AI algorithm learns to ‘see’ features in galaxy images

July 8, 2015

Hubble Space Telescope image of the cluster of galaxies MACS0416.1-2403, one of the Hubble “Frontier Fields” images. Bright yellow “elliptical” galaxies can be seen, surrounded by numerous blue spiral and amorphous (star-forming) galaxies. This image forms the test data that the machine learning algorithm is applied to, having not previously “seen” the image. (credit: NASA/ESA/J. Geach/A. Hocking)

A team of astronomers and computer scientists at the University of Hertfordshire have taught a machine to “see” astronomical images, using data from the Hubble Space Telescope Frontier Fields set of images of distant clusters of galaxies that contain several different types of galaxies.
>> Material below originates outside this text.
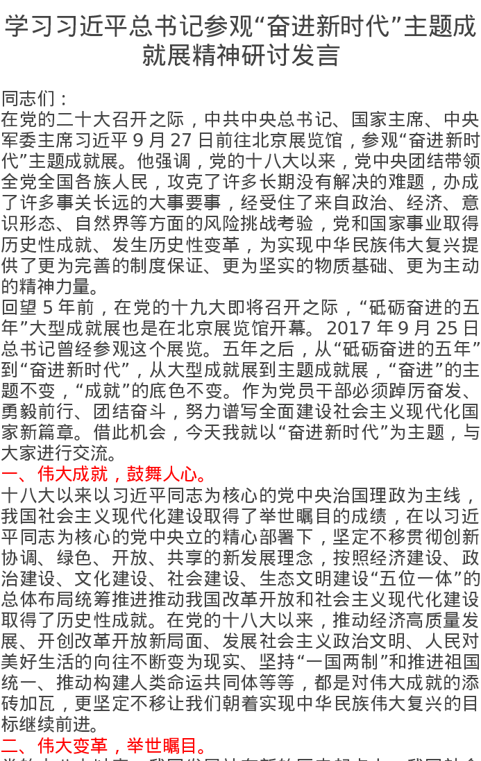 学习总书记参观“奋进新时代”主题成就展精神研讨发言

The technique, which uses a form of AI called unsupervised machine learning, allows galaxies to be automatically classified at high speed, something previously done by thousands of human volunteers in projects like Galaxy Zoo.

Image highlighting parts of the MACS0416.1-2403 cluster image that the algorithm has identified as “star-forming” galaxies (credit: NASA/ESA/J. Geach/A. Hocking)

“We have not told the machine what to look for in the images, but instead taught it how to ‘see,'” said graduate student Alex Hocking.

“Our aim is to deploy this tool on the next generation of giant imaging surveys where no human, or even group of humans, could closely inspect every piece of data. But this algorithm has a huge number of applications far beyond astronomy, and investigating these applications will be our next step,” said University of Hertfordshire Royal Society University Research Fellow James Geach, PhD.

The scientists are now looking for collaborators to make use of the technique in applications like medicine, where it could for example help doctors to spot tumors, and in security, to find suspicious items in airport scans.